Languages Available:

🇬🇧 English (Original)
🇪🇸 Spanish (Español)
🇫🇷 French (Français)
🇩🇪 German (Deutsch)
🇯🇵 Japanese (日本語)
🇮🇳 Hindi (हिन्दी)

Component Architecture

app/
├── page.tsx                    # Landing page with upload
├── processing/[id]/page.tsx    # Upload progress & processing
├── review/[id]/page.tsx       # Main application interface
├── layout.tsx                 # Root layout
│
├── api/
│   ├── mux/
│   │   ├── upload/route.ts        # Mux video upload
│   │   ├── asset/[id]/route.ts    # Asset status polling
│   │   ├── upload-final/route.ts  # Final video upload
│   │   ├── chapters/route.ts      # AI chapter generation
│   │   └── translate-captions/route.ts # Caption translation
│   │
│   ├── analyze/
│   │   └── product-ad/route.ts    # GPT-4V frame analysis
│   │
│   ├── generate/
│   │   ├── video-wan/route.ts     # Wan 2.5 generation
│   │   └── status/[id]/route.ts   # Generation progress
│   │
│   ├── stitch/
│   │   ├── route.ts               # FFmpeg video stitching
│   │   └── status/[id]/route.ts   # Stitch progress
│   │
│   └── video/[filename]/route.ts  # Serve generated videos
│
├── components/
│   ├── ui/                        # shadcn/ui components
│   ├── ProductInput.tsx           # Product upload (img/text)
│   ├── PromptEditor.tsx           # Review/edit Wan prompt
│   ├── VideoPreview.tsx           # Generated ad preview
│   └── MuxPlayerWithMarkers.tsx   # Final video player
│
├── lib/
│   ├── mux.ts                     # Mux client config
│   ├── ai-clients.ts              # OpenAI client config
│   ├── types.ts                   # TypeScript definitions
│   ├── frame-utils.ts             # Frame extraction utilities
│   ├── ffmpeg-utils.ts            # Video processing utilities
│   └── storage.ts                 # LocalStorage management
│
└── tmp/                           # Temporary file storage
    ├── ads/                       # Generated ad videos
    ├── final/                     # Stitched final videos
    ├── segments/                  # Video segments
    └── frames/                    # Extracted frames

Detailed Step-by-Step Process

Step 1: Video Upload (30 seconds)

User Action: Drag & drop video file
System: Direct upload to Mux with progress tracking
Result: Mux Asset ID + Upload ID

Step 2: Processing (2-3 minutes)

Mux Processing:
├── Video transcoding (multiple resolutions)
├── Audio normalization
├── Thumbnail generation
├── Caption generation (English)
└── Chapter detection via Mux AI

Result: Playback ID + Chapters + Captions ready

Step 3: Transition Review (User-driven)

System: Generate transition opportunities from chapters
Display: Frame pairs showing exit → entry points
User: Review detected transitions (typically 3-8 per video)
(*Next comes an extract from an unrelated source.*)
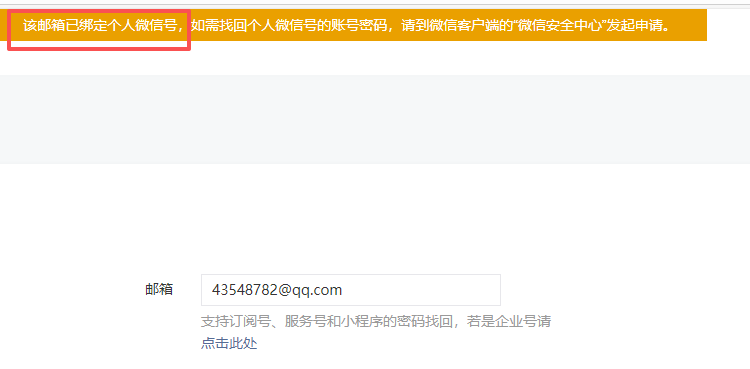 这个邮箱绑定过个人微信了,一个邮箱只能绑定一个账号。

Step 4: Product Input (Per Transition)

User Options:
├── Upload Product Image → GPT-4V extracts details
└── Enter Text Description → Direct template insertion

Analysis Modes:
├── Template Mode (Recommended) → Hardcoded proven prompt
└── AI Mode (Custom) → Scene-specific custom prompt

Step 5: AI Analysis (5-10 seconds)

GPT-4V Processing:
├── Analyze exit frame visual context
├── Analyze entry frame visual context
├── Extract detailed product description
├── Generate integration strategy
├── Create optimized Wan prompt
└── Suggest duration (5-10 seconds)

User: Review and optionally edit generated prompt

Step 6: Video Generation (30-60 seconds)

Wan 2.5 Processing:
├── Submit prompt + reference frame
├── AI video synthesis using wan 2.5
├── Progress polling every 5 seconds
├── Download generated video
└── Save to /tmp/ads directory

Result: 5-10 second ad video matching scene aesthetics

Step 7: Selection & Review

User Actions:
├── Preview generated ad video
├── Select/deselect for final video
├── Generate different versions if needed
└── Repeat for other transitions

System: Auto-select all completed ads by default

Step 8: Final Video Stitching (10-30 seconds)

FFmpeg Processing:
├── Download original video from Mux HLS
├── Split original at transition points
├── Insert selected ad videos
├── Concatenate all segments
└── Save final video to /tmp/final

Result: Complete video with seamlessly integrated ads

Step 9: Mux Upload (Optional, 1-2 minutes)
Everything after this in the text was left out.